**Task goal**
Output everything in the data exactly, leaving the pictures out.

═══ Provided data

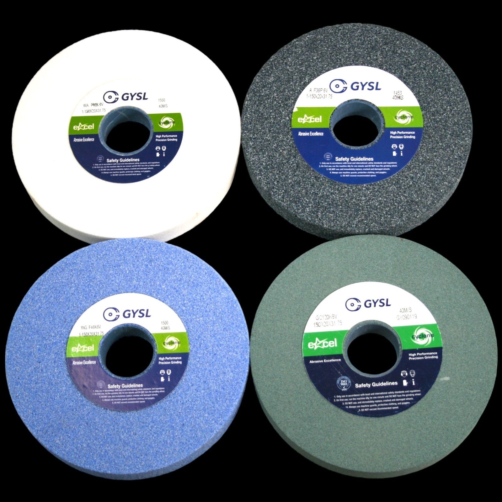 Our "Cyclone" bench and pedestal wheels are available in four main grain types, aluminium oxide for general purpose grinding, green silicon carbide for tool sharpening, white aluminium oxide for more precise work and low percentage ceramic for difficult to grind materials and extreme cool cutting.
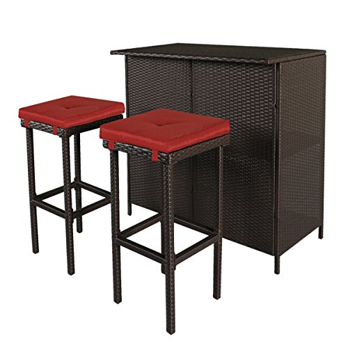 The Cloud Mountain 3 PC Wicker Bar Set Patio Outdoor Garden Backyard Rattan Table & 2 Stools Furniture Set,Brick Red Cushion if you must have for garden furniture sets very.
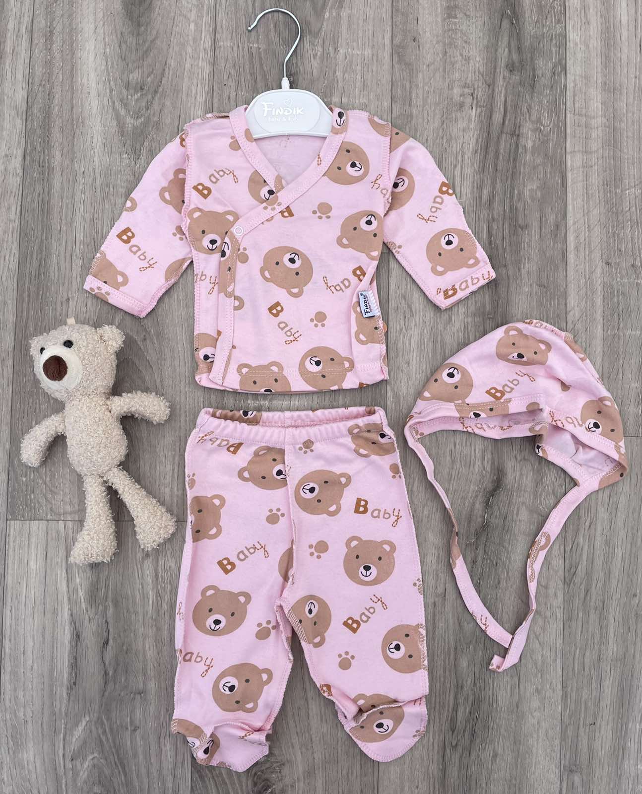 Комплект Findik "Bear" розовый, девочка 0-3 месяцев оптом уп. - 3 шт.
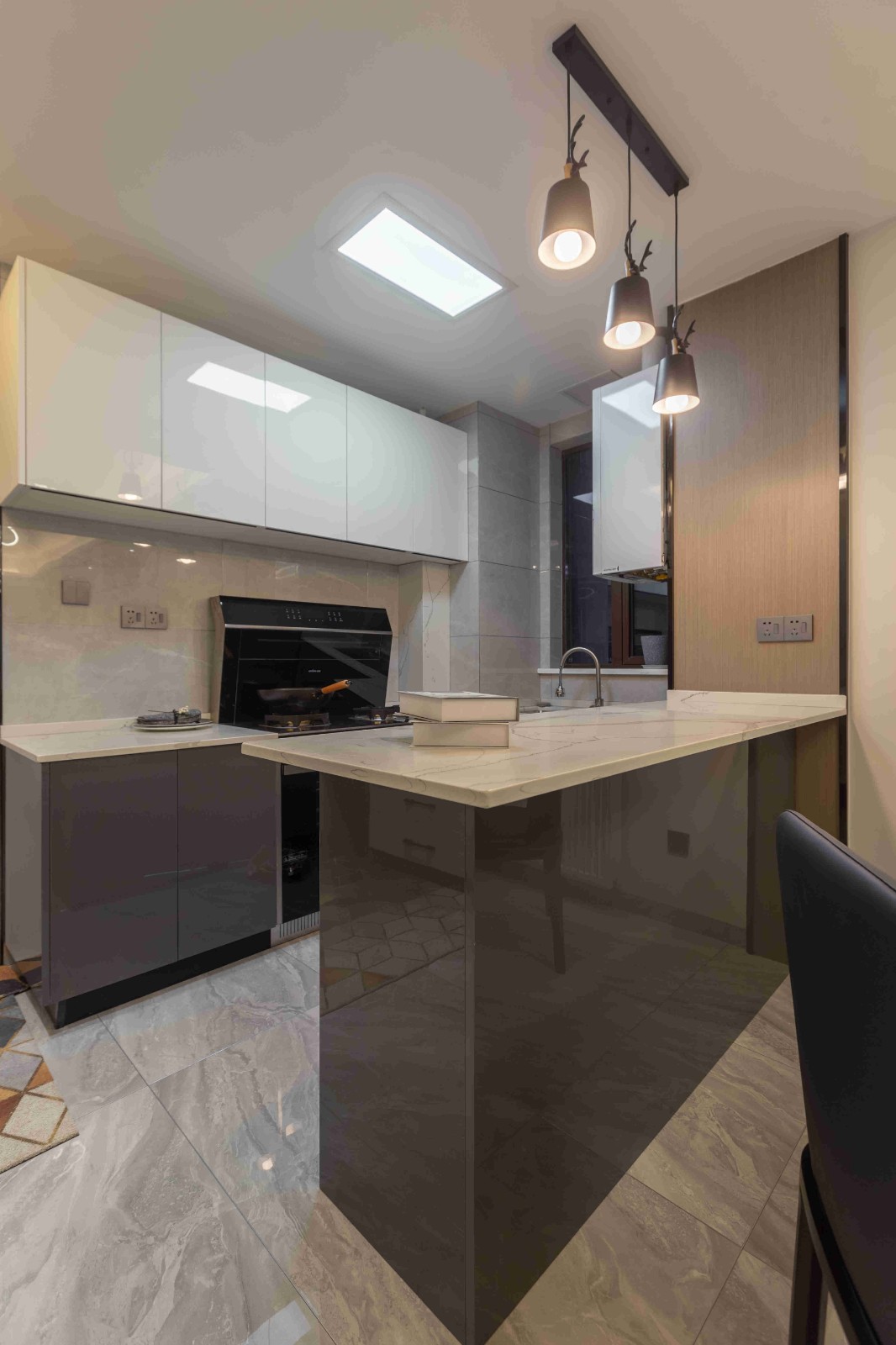 原戶型里,廚房不大,加上業(yè)主的喜好,因此考慮敞開式吧臺結(jié)合中式大圓桌,加上多個收納柜,滿足了女主人的需求。

══════

**Output below**
 Our "Cyclone" bench and pedestal wheels are available in four main grain types, aluminium oxide for general purpose grinding, green silicon carbide for tool sharpening, white aluminium oxide for more precise work and low percentage ceramic for difficult to grind materials and extreme cool cutting.
 The Cloud Mountain 3 PC Wicker Bar Set Patio Outdoor Garden Backyard Rattan Table & 2 Stools Furniture Set,Brick Red Cushion if you must have for garden furniture sets very.
 Комплект Findik "Bear" розовый, девочка 0-3 месяцев оптом уп. - 3 шт.
 原戶型里,廚房不大,加上業(yè)主的喜好,因此考慮敞開式吧臺結(jié)合中式大圓桌,加上多個收納柜,滿足了女主人的需求。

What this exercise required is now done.